We all hear the steady drumbeat of fear-mongering about a retirement crisis and how we need to save more for retirement. Actuary Frederick Vettese aims to be a voice of reason with his book The Essential Retirement Guide: A Contrarian’s Perspective. He says we’re not nearly as badly off as banks and insurance companies would have us believe.
I learned quite a bit about a wide range of financial aspects of retirement from this book. One example is that long-term care insurance is a bad deal for almost everyone. Another is the frightening fact that as we age our ability to manage our finances deteriorates, but our confidence in our abilities increases.

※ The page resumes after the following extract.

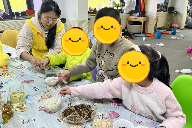 活动中,十余名“星宝”在志愿者引导下,亲手为拗九粥添加冬瓜糖、芝麻、花生碎等传统配料,在动手实践中感知节日习俗,增强社交互动与表达能力。随后,孩子们将熬制好的粥送到家长手中,有的轻声说出“请妈妈喝粥”,有的在鼓励下为奶奶喂上一口甜粥,令现场家长和志愿者感动。

So, we’re unlikely to seek help when we most need it. There were also some important parts of the book I disagreed with.
Vettese begins the Preface pointing a U.S. study showing that 88% of people over 85 have some financial or housing assets. He presents this as evidence that people are doing reasonably well in their retirements. I looked up the study and found that while 12% had no assets at all, another 11% had less than $10,000. So, nearly one-quarter of the elderly have almost nothing. That doesn’t sound overly positive to me.
The early chapters make a very strong case that the usual rule of thumb that you need 70% as much income in retirement as you had while working is just too high for those with above-average incomes. I know this applies to me. I won’t need anywhere near 70% of my current income when I retire.
People with very low incomes may need nearly 100% of their incomes in retirement, but that will be covered by CPP/OAS/GIS. For people with higher incomes, Vettese explains that an income target of 50% is more realistic to maintain the same standard of living heading into retirement.
When it comes to choosing a wealth target you’ll need before retiring, Vettese asks “if the wealth target were higher than the cost of an annuity, then why take the risk of managing your own money?” The answer that he seems to miss is inflation risk. The short-term risk of inflation running up seems small, but are you prepared to gamble that it will never happen for the rest of your life? Insurance companies don’t like offering inflation-indexed annuities because “inflation might take off again.” Why should we ignore this risk?
Underpinning Vettese’s calculations of how much money you need to retire is his belief that because people spend less as they age, we can assume that retirement spending “does not have to be indexed to inflation.” In a previous article I explained why we should assume a much smaller spending decline than the amount of inflation. It’s hard to tell how big a reduction in spending over decades of retirement is actually baked into his calculations. This is because CPP and OAS are indexed, and one of the notes in the Appendices seems to imply that he included some indexing in the annuity calculations.
Two other parts of the book that I discussed in earlier articles are the interesting comparison of a bond portfolio to an annuity and the chapter on revisiting the 4 percent rule.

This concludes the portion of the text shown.